March 10, 2010
|This is the first TPA/COHVCO joint response to the DeGette wilderness bill, submitted for the U.S congressional record.
The Honorable Raul Grijalva Chairman House Subcommittee on National Parks, Forests, and Public Lands
The Honorable Rob Bishop
Dear Chairman Grijalva and Ranking Member Bishop:
We are writing in opposition to H.R. 4289, the Colorado Wilderness Act of 2009 sponsored by Representative Diana DeGette and scheduled for hearing on March 11, 2010, in the House Subcommittee on National Parks, Forests, and Public Lands. Please incorporate into the record the following comments and attachments of the Colorado Off-highway Vehicle Coalition, (COHVCO) and the Trails Preservation Alliance (TPA). Additionally, the American Motorcyclist Association and its sister organization the All-Terrain Vehicle Association opposes H.R. 4289.

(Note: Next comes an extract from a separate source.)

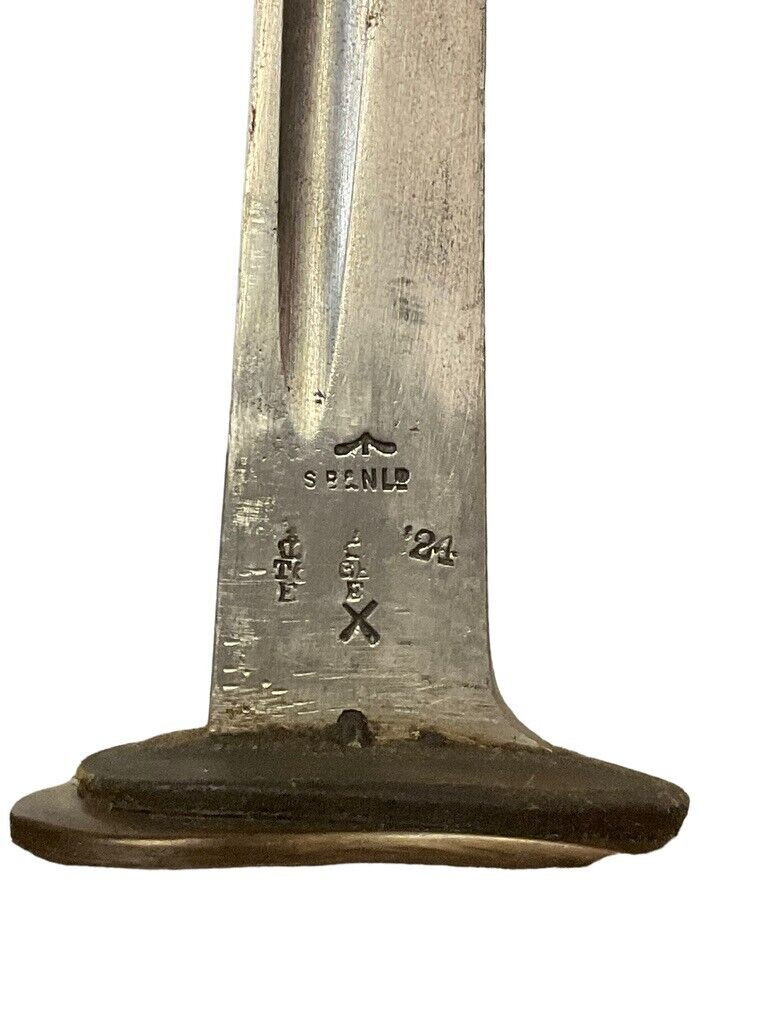 The WW1 British BEF 7th Hussars 1908 Pattern Other Ranks Cavalry Sword with Scabbard is an exceptional historical artifact. This impressive sword, used by the British Expeditionary Force during World War I, exemplifies the craftsmanship and military heritage of the early 20th century. The 1908 pattern, specifically designed for cavalry use, features a robust, straight blade optimized for thrusting, reflecting the tactical needs of mounted soldiers. Distinctive to the 7th Hussars, an esteemed cavalry regiment, this sword carries with it stories of valor and service from the tumultuous war period. The accompanying steel scabbard is equally notable, designed to protect the blade while enduring the rigors of battle. Collectors and historians alike will appreciate the authenticity and historical significance of this piece, offering a tangible link to the courage and traditions of British cavalry forces in WW1.

COHVCO is a volunteer based non-profit conservation organization that has focused on preserving and enhancing opportunities for all off-highway vehicle (OHV), and snowmobile users in Colorado since 1987. COHVCO represents nearly 200,000 Coloradoans, and thousands of visitors from outside Colorado, who enjoy recreating on our public lands with off-highway vehicles. We represent motorcycle, 4WD, ATV and snowmobile enthusiasts. COHVCO, its participating clubs, and enthusiasts not only provide thousands of volunteer hours, but also contribute over $2.5 million dollars each year to public lands, through Colorado’s OHV Registration Grant Program. These funds provide maintenance, signage, restoration and opportunity on trails and roads on federal public lands in Colorado and are indispensable given continuing cutbacks in federal funding in these areas. These funds also contribute to enforcement activities and education programs for motorized recreation enthusiasts.

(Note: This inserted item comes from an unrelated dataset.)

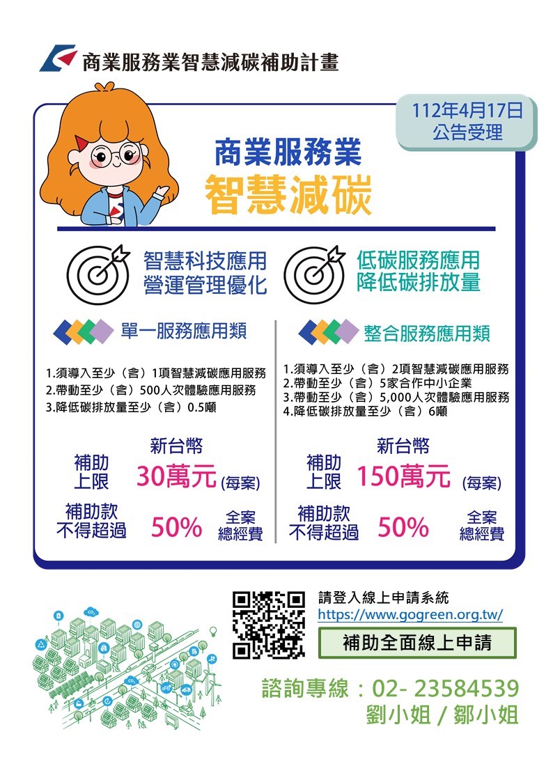 二、為協助中小型商業服務業推動減碳管理及永續發展,特推動商業服務業智慧減碳補助,為利補助計畫之執行,本部業以112年4月17日經商字第11204712430號公告旨揭計畫之申請須知,並於112年5月3日公告修正申請期間、計畫執行期程及適用旨揭須知之行業標準,以利商業服務業者提出申請。

The Trails Preservation Alliance is a Colorado based IRS 501(c) (3) organization. It represents over 2500 members (of which a majority are military veterans), who are dedicated to preserving public access to public lands. The TPA has generated over $500K in OHV funding to the US Forest Service and the Bureau of Land Management to build and preserve single track trails for all recreational user groups. The TPA is dedicated to public recreation on public lands. The TPA has a long history of working with Region 2 of the U.S.D.A. Forest Service and other state and federal agencies in Colorado.
A recently completed study on the economic contribution to the State of Colorado by both winter and summer motorized recreation showed that these activities are responsible for about 12,000 jobs and a cash flow of over $ 1 billion. Many of the jobs and a significant part of the total cash flow benefit smaller communities located within or near large tracts of federal public lands. In addition, the Colorado Division of Wildlife (DOW) estimates that approximately 70% of hunters use OHVs (almost exclusively ATVs) to facilitate their hunt and use 4 wheel drive vehicles to reach the general area of the hunt. Additional loss of access for this majority of hunters could have a negative effect on game management and hunter success.

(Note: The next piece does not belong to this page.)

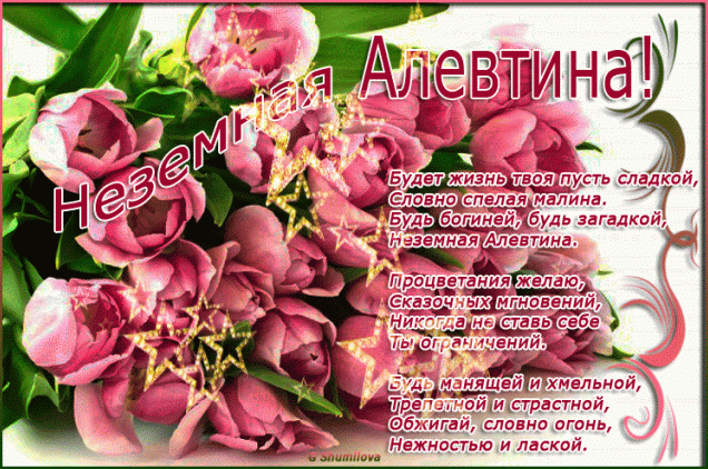 Значение имени Алевтина: «чуждая дурного», «натирающаяся благовониями»(древнегреч.). Алевтина может быть в детстве болезненным ребенком. Нередко склонность к простудным болезням остается и во взрослом возрасте. Алевтина может быть чрезвычайно резкой в общении, склонной к конфликтам. Нередко у женщины с таким именованием не складываются дела со своей матерью. Невзирая на это Алевтина целеустремленна и настойчива, постоянно достигает желанного и может достичь высот в своей карьере. Алевтина традиционно самолюбива, очень гордится собой и своими достижениями, при всем этом любит предъявлять высокие требования к окружающим и часто критикует их. В отношениях Алевтина выбирает долготерпеливого и спокойного мужчину, способного вынести ее вспыльчивость и эмоциональность. При всем этом в семье она превосходная хозяйка и заботливая мать. Уменьшительно-ласкательные формы имени: Алевтинка, Алевтинушка, Алевтиночка, Ала, Аля, Алечка, Алюшка, Тина, Тинка, Тиночка, Тинчик. Дальше предлагаем посмотреть прикольные и смешные фото картинки «С деньком рождения Алевтина».

Not one acre of any of the land recommended for Wilderness designation in Representative DeGette’s bill is located within her district and the people and communities most affected by her proposal are not her constituents. Therefore they have no opportunity to show their opposition or support by voting for or against her in any election. In order to avoid problems and conflicts within the state and amongst organizations and local governments, the process of developing a Wilderness bill must include all affected parties. This collaborative process was not present in the development of the DeGette bill.
While Representative DeGette’s website describes this proposal as a “Citizen’s Wilderness Proposal”, and claims that all stake holders have been involved, neither COHVCO, TPA nor any of their individual members or member clubs were contacted or asked for input to avoid conflict with existing multiple use (including, but not limited to motorized) activities. The maps posted on her website that show the individual areas proposed for Wilderness designation are so poor in quality and lacking in any geo-reference information that it has proven to be extremely difficult and time consuming to perform any analysis for any potential conflicts. With one exception, all of the maps appear to have been created by the Colorado Environmental Coalition, an avowed anti-motorized access group.
Individuals who actually live near, and recreate in the areas identified as suitable for Wilderness designation by Representative DeGette have, on their own initiative, provided comments identifying access conflicts. By their very nature, these existing uses violate the criteria for consideration as Wilderness. Those site specific comments are shown in the attachment titled On the Ground Comments. In addition, the attachment also contains a sampling of detailed map examples that show the existing conflicts and shortcomings of the maps presented on Representative DeGette’s website.
In summary, our objections to H.R 4289 can be identified as a failure to subject this legislation to previous review by all affected parties, a failure to consider the negative economic consequences to a faltering economy in the most difficult of times, a failure to consider far more practical and less restrictive means of protecting lands short of a Wilderness designation, and the lack of identification of conflicts in areas as identified by the sponsor’s maps.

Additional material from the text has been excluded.